Il Regio governo, perpetuamente allo sbando, non era minimamente
in grado di prospettare ampie misure riformatrici. Era l'ora siderale dei
peggiori farabutti : gli imprenditori della paura.
La regola aurea: seminare il terrore , per candidarsi poi
come salvatori della Patria.
Accendere
l'incendio e poi travestirsi da pompieri!
Pronto a tutto e capace di niente, Il Re Vittorio, detto
Sciaboletta, apriva le porte agli squadristi di Mussolini, scendendo uno ad uno
tutti i gradini della indegnità, sino a firmare le vergognose leggi razziali.

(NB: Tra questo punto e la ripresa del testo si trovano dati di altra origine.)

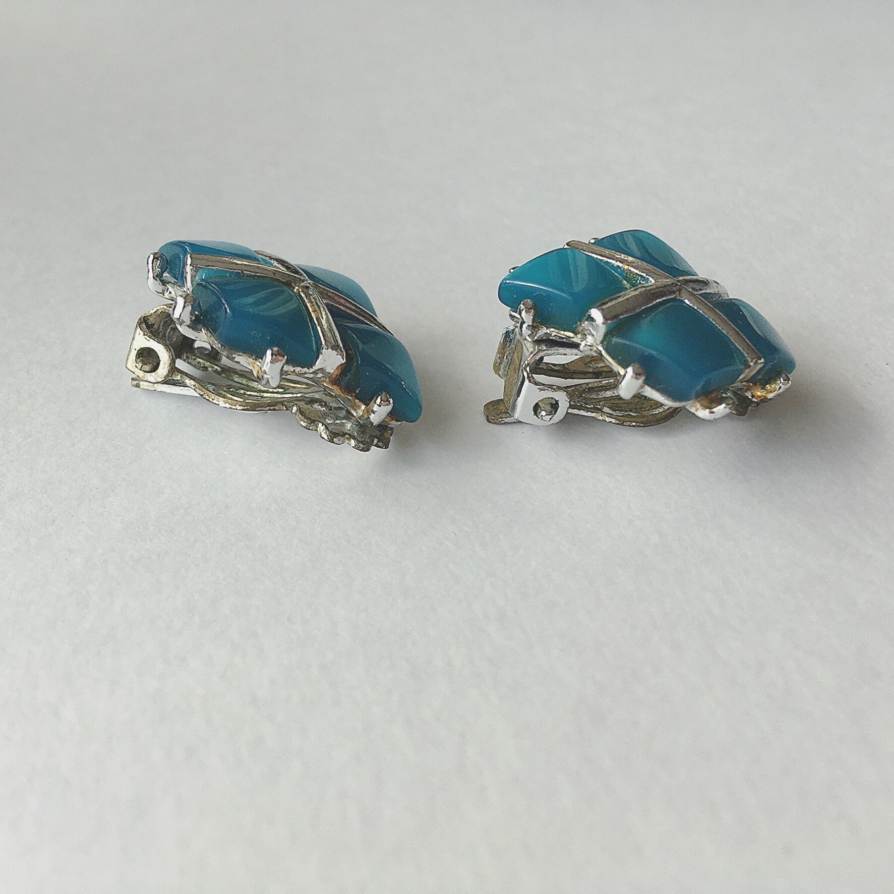 Vintage 50s - 60s silver tone blue thermoset argyle earrings ヴィンテージ 50年代 - 60年代 シルバートーン ブルー サーモセット プラスチック アーガイル 菱形 イヤリング t88 b193 | OBAKEPEACH

Dopo la Marcia su Roma, i fascistissimi fratelli Giusti
assalivano La Camera del Lavoro e colpivano con bombe a mano la palazzina di
casa Voccoli, in via Cugini... Un primo operaio assassinato doveva essere Raffaele
Favia, dei Cantieri Tosi. Il fascista Casavecchia lanciava una bomba verso un
gruppo di comunisti e intanto veniva arrestato il Comunista Millardi.

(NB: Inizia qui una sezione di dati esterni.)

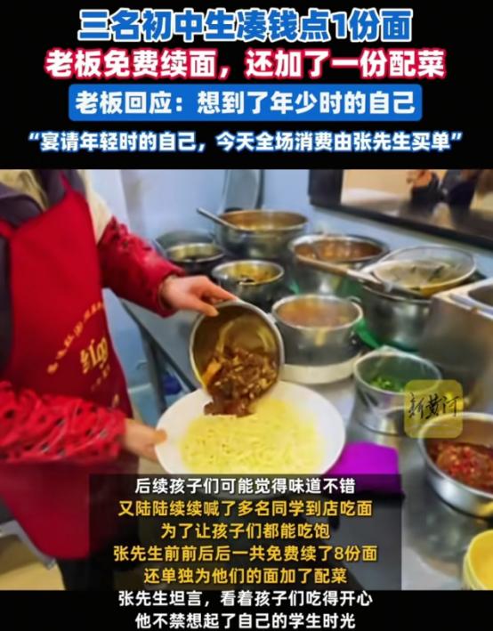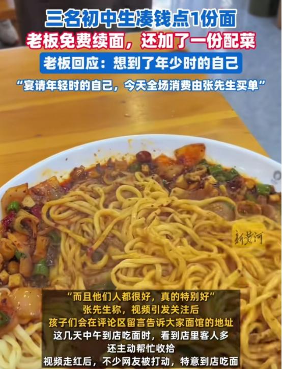 泪目!陕西西安,老板看到3个学生在门口犹犹豫豫,好像在凑钱吃饭,便主动招呼他们进店。3个孩子点了一份面分着吃,老板怕他们吃不饱,主动给他们续面,让孩子们都能吃饱。万万没想到,3个孩子竟然又叫来了10多名同学到店吃面,老板前前后后给他们免费加了8份面,老板:就当宴请年轻的自己了!   事情是3月13号中午发生的,这家面馆开在西安街头,老板姓张,是个95后,自己创业开了这家小店,赚的都是起早贪黑的辛苦钱。   那天中午,他正忙着招呼店里的客人,一抬头就看见三个穿着校服的初中生,在面馆门口来回徘徊,手里攥着皱巴巴的零钱,凑在一起小声嘀咕,眼神时不时瞟向店里的餐牌,又赶紧低下头数钱,那股局促又渴望的样子,一眼就能看出是在凑钱吃面。   张老板看在眼里,心里一下子就有了触动,没有多想,就快步走出去招呼孩子们:“你们先进来,不管钱够不够,先进来看一下,别饿着肚子。”就这么一句接地气的话,化解了孩子们的尴尬,三个孩子红着脸,小心翼翼地走进了店里。   进店后,孩子们盯着价目表看了好久,最后只点了一份店里的招牌爆肚面,然后坐在一桌,等着面端上来后,你一筷子我一筷子地分着吃,生怕吃快了不够别人吃。   张老板把这一切都看在眼里,他知道,半大的孩子正是长身体的时候,一碗面哪够三个人吃,肯定得饿肚子。没等孩子们开口,他就主动上前,免费给他们续了面,还悄悄加了配菜,就想让孩子们能多吃点。   万万没想到,这碗面合了孩子们的胃口,吃完之后,他们又陆陆续续叫来了十多名同学,都是和他们一样穿着校服的初中生,张老板也没生气,反而更心疼这些孩子,只要孩子们说不够吃,他就免费续面,前前后后算下来,一共免费续了8份面,全程没有半点不耐烦。   有人问张老板,开店就是为了赚钱,这么免费续面,不亏吗?他笑着说:“说白了,我也是从那个年纪过来的,上学的时候家里条件窘迫,也经常和朋友凑钱点一份东西分着吃,那种手头紧的滋味,我到现在都记得。现在给孩子们续面,就当是宴请年轻时的自己了,不算啥。”   其实不用多分析也能想明白,张老板不是多有钱,只是懂得共情,他的善意里,没有居高临下的施舍,只有发自内心的体谅。   而这些孩子也特别懂事,没有因为老板免费续面就理所当然,视频走红后,他们会在评论区留言,告诉网友面馆的地址,帮老板宣传,这几天中午去吃面,看到店里客人多,还会主动帮忙收拾桌子擦碗筷。   后来,不少网友被张老板的善举打动,特意顺着线索找到这家面馆,专门来吃一碗面,用实际行动支持他。张老板说,他也没想到,自己一个随手的举动,能收获这么多温暖。   说真的,这就是最动人的烟火气吧。一碗热面,一份善意,没有轰轰烈烈,却藏着最朴素的温柔。张老板宴请的不仅是年轻时的自己,更是一份跨越时光的善意传承,而孩子们的懂事,也让这份善意有了最好的回应,双向奔赴的温暖,大概就是这样吧。

Già nella semiclandestinità Odoardo era delegato a
Livorno, nel 1921, partecipando alla fondazione del Partito Comunista d'Italia.
Nel 1926 partecipava al Congresso Internazionale a Lione e il 20 giugno veniva
arrestato, e così la sua compagna. "Quanto più l'avversario mostra di
voler usare la mano pesante, l'ingiustizia fa più grande un'anima libera e
fiera".
Per Voccoli
il socialismo non è stata la ballata di una sola estate, la bandiera degli anni
verdi.
La
ribellione era ormai un imperativo categorico che legava indissolubilmente la
battaglia per il lavoro alla rivendicazione dei diritti civili, secondo la lezione
liberal-democratica ricevuta dal genitore. Era anche necessario difendere la
città proletaria, mantenendo quel piccolo embrione di organizzazione di classe
con le cui sorti Odoardo aveva identificato la sua scelta di vita: " la
città "più Rossa" del Mezzogiorno...
Scattavano
le leggi speciali e Odoardo veniva condannato a 12 anni e mezzo di carcere
duro, tre anni al figlio Todol per la minore età. Il carcerato confortava la
compagna Assunta : "Mia adorata e sventurata Assunta, dodici anni sono un
po' troppi, vero? Di una cosa puoi essere sicura, della serenità con la quale ho
ascoltato la sentenza. Il primo e migliore giudice è la mia coscienza. I deboli
si accasciano. Chi viene colpito per la sua fede non deve impallidire dinanzi
alle conseguenze che gli derivano dall'aver troppo amata la sua idea...Spero di
essere additato come uomo di carattere, che non piegò mai dinanzi a qualunque avversità...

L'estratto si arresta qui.